Exact Worst-case Performance of First-order Methods for Composite Convex Optimization

Published 23 Dec 2015 in math.OC | (1512.07516v4)

Abstract: We provide a framework for computing the exact worst-case performance of any algorithm belonging to a broad class of oracle-based first-order methods for composite convex optimization, including those performing explicit, projected, proximal, conditional and inexact (sub)gradient steps. We simultaneously obtain tight worst-case guarantees and explicit instances of optimization problems on which the algorithm reaches this worst-case. We achieve this by reducing the computation of the worst-case to solving a convex semidefinite program, generalizing previous works on performance estimation by Drori and Teboulle [13] and the authors [43]. We use these developments to obtain a tighter analysis of the proximal point algorithm and of several variants of fast proximal gradient, conditional gradient, subgradient and alternating projection methods. In particular, we present a new analytical worst-case guarantee for the proximal point algorithm that is twice better than previously known, and improve the standard worst-case guarantee for the conditional gradient method by more than a factor of two. We also show how the optimized gradient method proposed by Kim and Fessler in [22] can be extended by incorporating a projection or a proximal operator, which leads to an algorithm that converges in the worst-case twice as fast as the standard accelerated proximal gradient method [2].

Abstract PDF HTML Upgrade to Chat

Citations (110)

View on Semantic Scholar

Summary

Exact Worst-case Performance of First-order Methods for Composite Convex Optimization

This paper by Taylor, Hendrickx, and Glineur presents a comprehensive framework for assessing the worst-case performance of a wide range of first-order methods (FOMs) employed in composite convex optimization. The focus is on algorithms that utilize oracle-based first-order information, including methods employing explicit, projected, proximal, conditional, and inexact gradient steps. The authors bridge the gap between theory and application by precisely computing worst-case guarantees and identifying specific instances of optimization problems that demonstrate these worst-case scenarios.

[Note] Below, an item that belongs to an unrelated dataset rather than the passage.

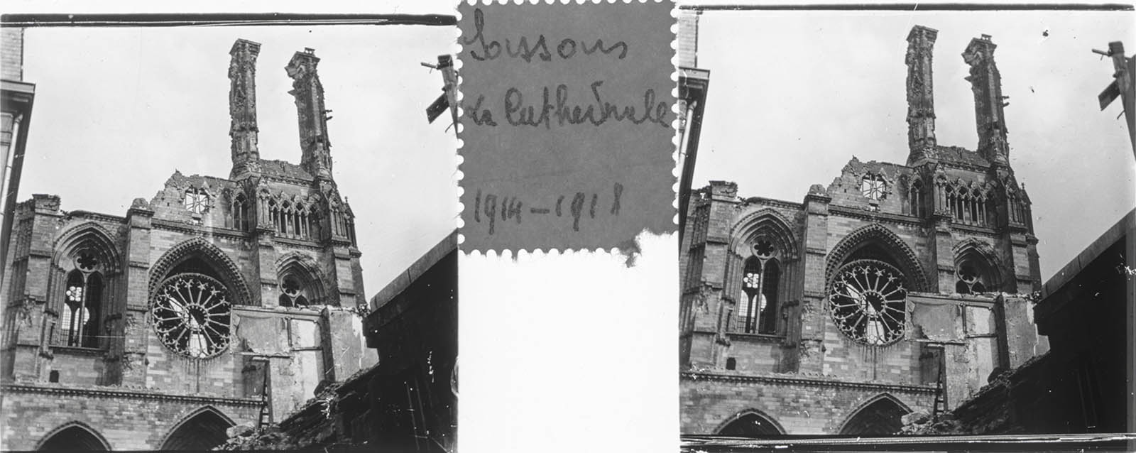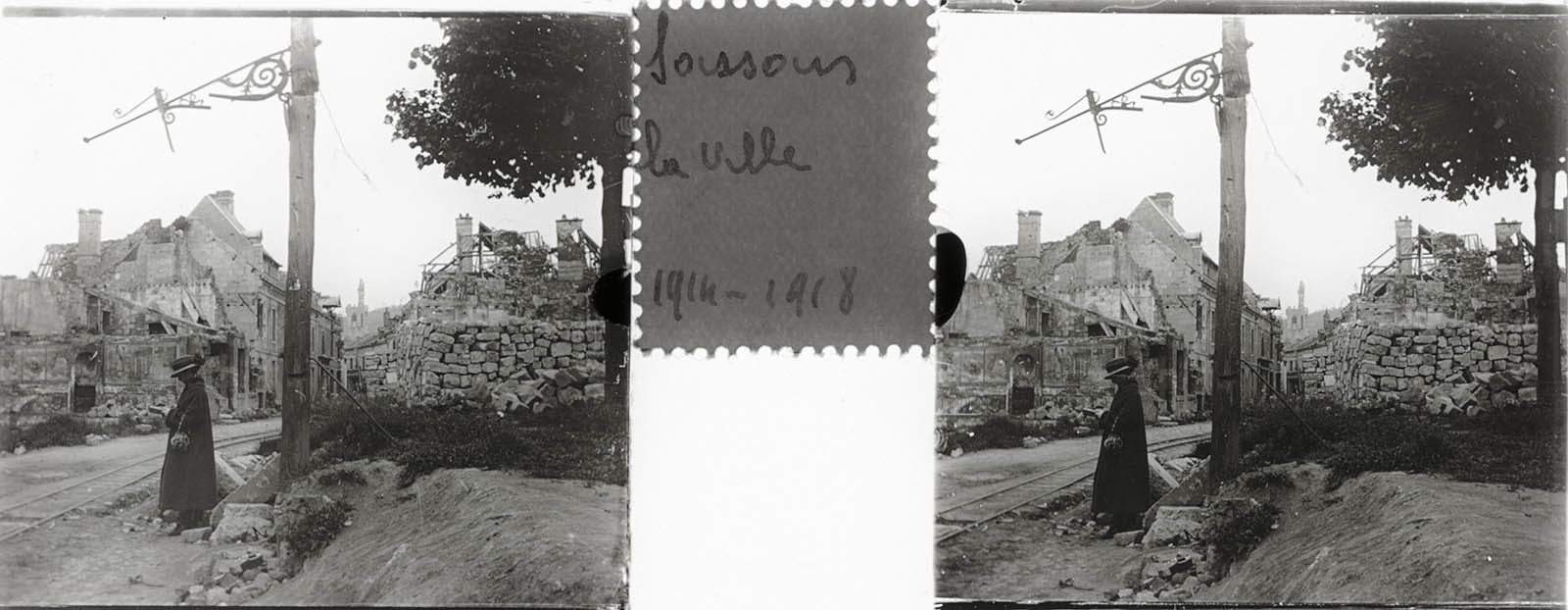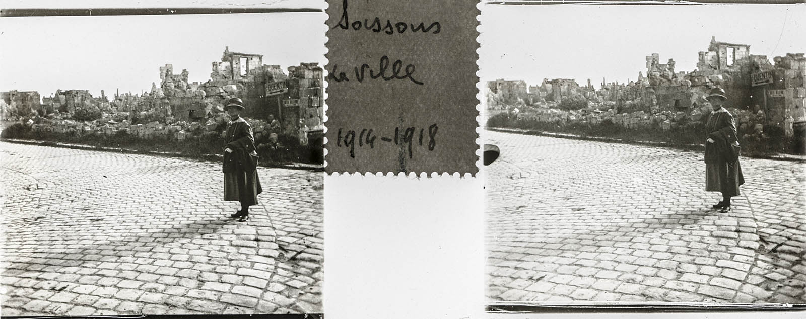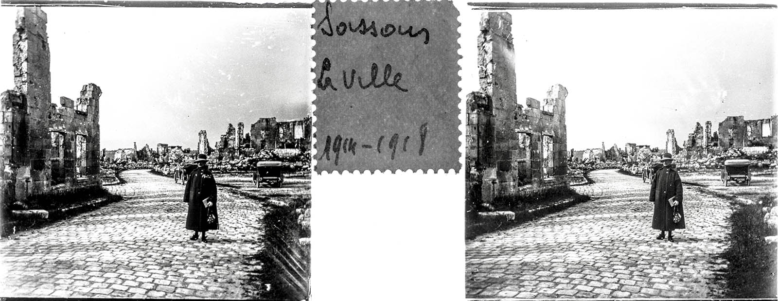 There is a lone figure in most of the ten photos contained in the unlabeled diapositive box, and no contextual clues other than the captions affixed to the slides with a seemingly common sort of sticker in between the images on each. The figure is that of a woman – rigid, with a stony expression, standing amidst the wreckage of war, and in one case leaning against their car (the number plate,” 3470-E”, is the same near the Cathedral and near what was left after the French Revolution of the Abbey). With no other people in frame, even with vast expanses of the commune visible, she takes on a ghoulish appearance. So without further ado, meet the Ghoul of Soissons:

The authors extend the performance estimation strategy previously explored by Drori and Teboulle. The innovative contribution here is the reduction of the worst-case performance computation to a convex semidefinite program (SDP), allowing for the generalization of performance estimation to a broader class of algorithms and functions. They further refine the analysis of several algorithms: the proximal point method, the conditional gradient method, and FPGM variants. Particularly, the proximal point method's worst-case guarantee is shown to improve by a factor of two, and the conditional gradient method's standard worst-case guarantee is enhanced by more than a factor of two.

Framework Overview

The core of this research involves formulating the performance estimation problem (PEP) as an SDP, enabling precise worst-case performance computation. The framework supports "black-box" methods that access function data through oracle calls providing first-order information (function value and subgradient). The paper introduces the notion of fixed-step linear first-order methods (FSLFOMs), writing iterations as linear combinations of past iterates and gradient information. This formalization provides a vehicle for leveraging SDPs to establish worst-case analyses.

The SDP-based performance estimation incorporates various function classes such as smooth, strongly convex functions, and bounded domain functions, expanding the applicability of the worst-case analysis across different problem settings. The authors provide a detailed account of how specific problem characteristics (e.g., smoothness, strong convexity) influence formulating the worst-case problem in a tractable manner.

Key Contributions

Improvement in Analysis: The authors refine the proximal point method and conditional gradient methods' analysis by integrating new insights into their structural performance, emphasizing numerical and analytical enhancements over existing results.
Extension of Optimized Gradient Methods: The paper proposes a new extension for the optimized gradient method, which incorporates projection or proximal operator, achieving worst-case performance twice as fast as the standard accelerated proximal gradient method.
Theoretical and Numerical Insights: Through a blend of rigorous theoretical underpinnings and numerical simulations, the paper provides substantial evidence for their claims, contributing to a deeper understanding of first-order methods' limitations and opportunities.

Implications and Future Directions

This research significantly impacts how FOMs are assessed and understood in composite convex optimization. Practically, it allows for the development of algorithms that can be confidently executed with known performance bounds. Theoretically, it opens up exploration into even more refined methods that might leverage similar SDP formulations or extend to even broader classes of convex optimization problems.

The paper also posits the intriguing prospect of further extending SDP formulations to accommodate dynamic step sizes, potentially unlocking new capabilities for adaptive step size rules in first-order methods. This trajectory suggests fruitful future research avenues in optimizing and automating step-size choices to enhance convergence rates without manual tuning.

As performance estimation becomes more sophisticated, its application will undoubtedly broaden, perhaps influencing large-scale optimization and other domains where high-dimensional optimization is prevalent. The framework and results in this research pave the way for both immediate impacts in optimization problem-solving and longer-term innovations in algorithm design.